* [Task directions] Starting at the line that contains "A decorated Christmas", reproduce only the lines through the end of the data, exactly, including both the first and the last; skip the pictures.

Items from a data source:
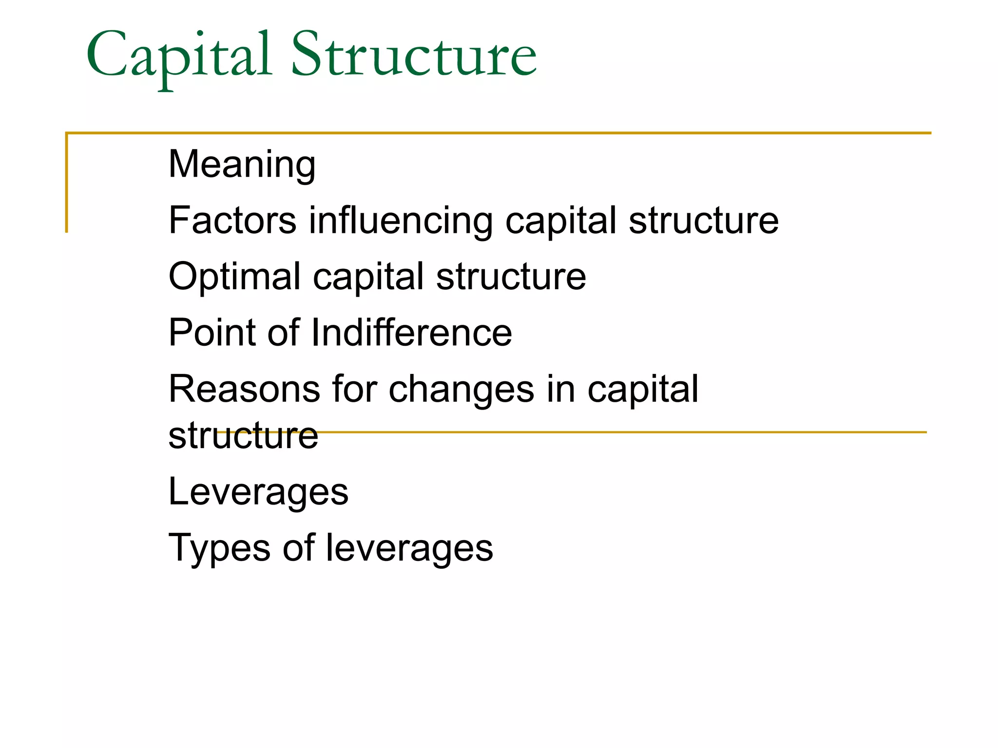 The document discusses capital structure, which refers to the composition of a company's long-term financing, including loans, reserves, shares, and bonds. It outlines factors that influence a company's capital structure such as financial leverage, risk, growth, and external conditions. The document also discusses the concept of an optimal capital structure that maximizes firm value and minimizes the cost of capital. It notes different types of leverage including financial, operating, combined, and working capital leverage and how they impact a company's earnings and risk.
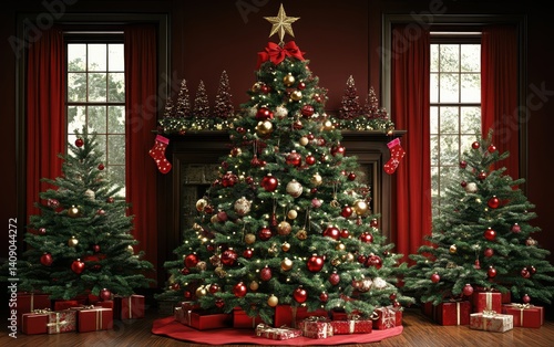 A decorated Christmas tree surrounded by presents in a cozy room setting.
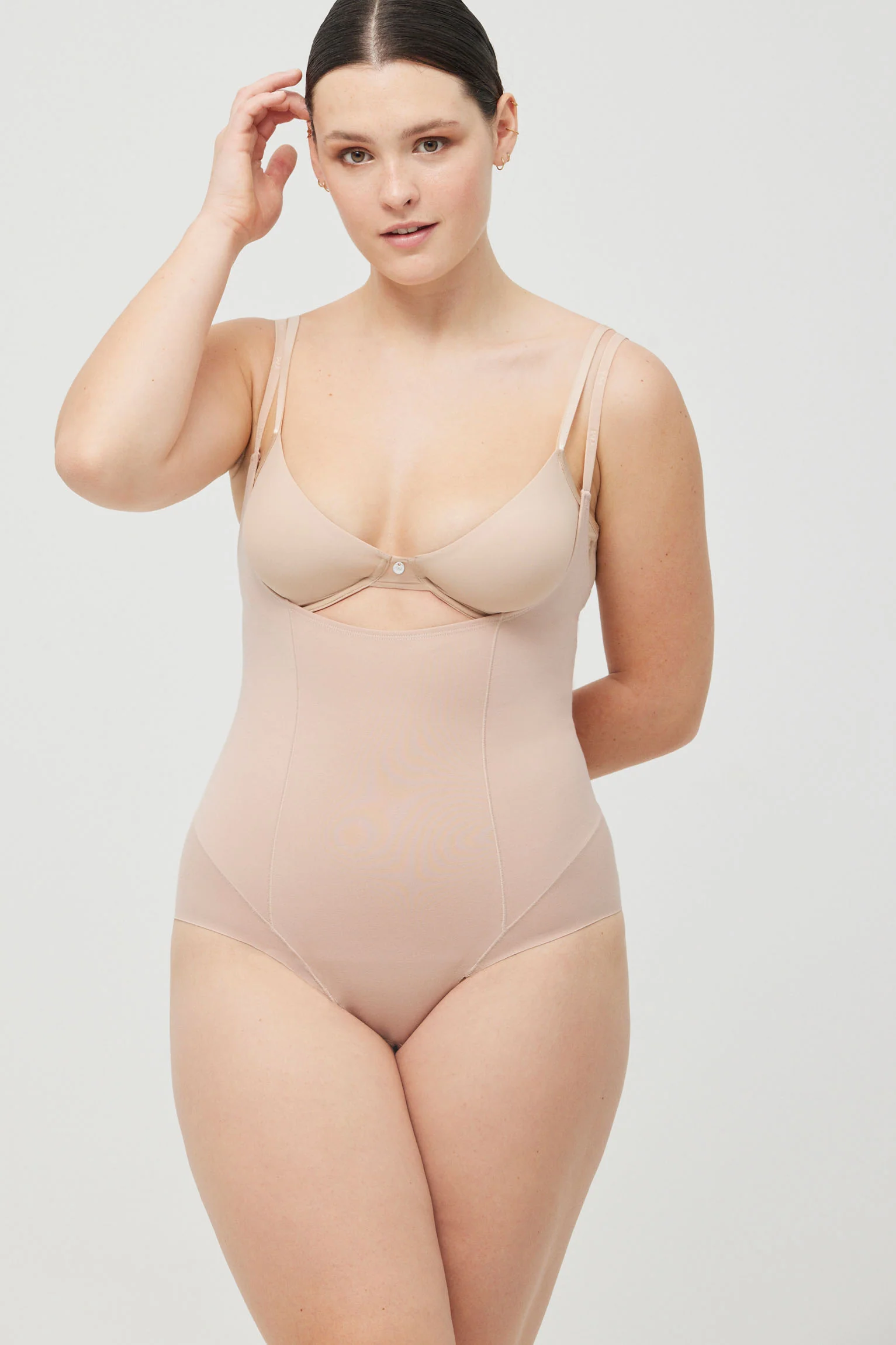 Body-up riducente e modellante, stile guaina, in cotone naturale. Compressione media. Modella la figura senza rinunciare alla comodità. La classica mutandina altamente riducente, con spalline per una migliore aderenza al corpo. Stilizza e modella. Perfetto per eventi e occasioni speciali. Tessuto antibatterico. Colore nudo.
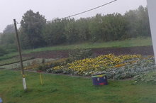 Наш участок и в дождливую погоду солнечный! Бархатцы сверкают. И капусту нашу от вредителей защищают.
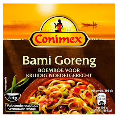 De heerlijke Conimex Bami Goreng Boemboe is bereid op basis van een authentiek Indonesisch recept. Deze boemboe is snel en eenvoudig te bereiden, volg de instructies op de achterkant van de verpakking. Het is een heerlijk gerecht voor 3 tot 4 personen dat klaar is binnen 20 minuten.
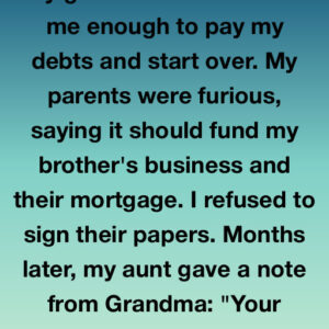 I read my grandmother’s note about fifty times the night my aunt handed it to me. The handwriting shook, but the words were sharp: “Your parents will…
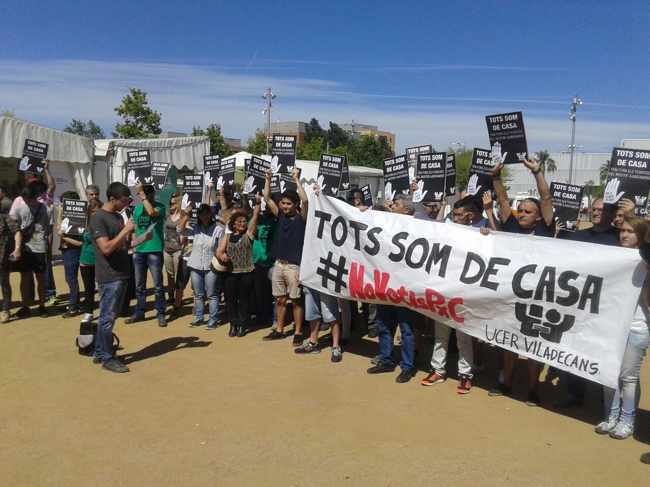 Una cinquantena de persones van manifestar-se ahir davant de la parada de PXC a la Fira d’entitats de Sant Isidre a Viladecans, mentre que desenes més es van afegir espontàniament a la concentració promoguda per Unitat Contra el Feixisme i el Racisme (UCFR)

* [Written answer]
 A decorated Christmas tree surrounded by presents in a cozy room setting.
 Body-up riducente e modellante, stile guaina, in cotone naturale. Compressione media. Modella la figura senza rinunciare alla comodità. La classica mutandina altamente riducente, con spalline per una migliore aderenza al corpo. Stilizza e modella. Perfetto per eventi e occasioni speciali. Tessuto antibatterico. Colore nudo.
 Наш участок и в дождливую погоду солнечный! Бархатцы сверкают. И капусту нашу от вредителей защищают.
 De heerlijke Conimex Bami Goreng Boemboe is bereid op basis van een authentiek Indonesisch recept. Deze boemboe is snel en eenvoudig te bereiden, volg de instructies op de achterkant van de verpakking. Het is een heerlijk gerecht voor 3 tot 4 personen dat klaar is binnen 20 minuten.
 I read my grandmother’s note about fifty times the night my aunt handed it to me. The handwriting shook, but the words were sharp: “Your parents will…
 Una cinquantena de persones van manifestar-se ahir davant de la parada de PXC a la Fira d’entitats de Sant Isidre a Viladecans, mentre que desenes més es van afegir espontàniament a la concentració promoguda per Unitat Contra el Feixisme i el Racisme (UCFR)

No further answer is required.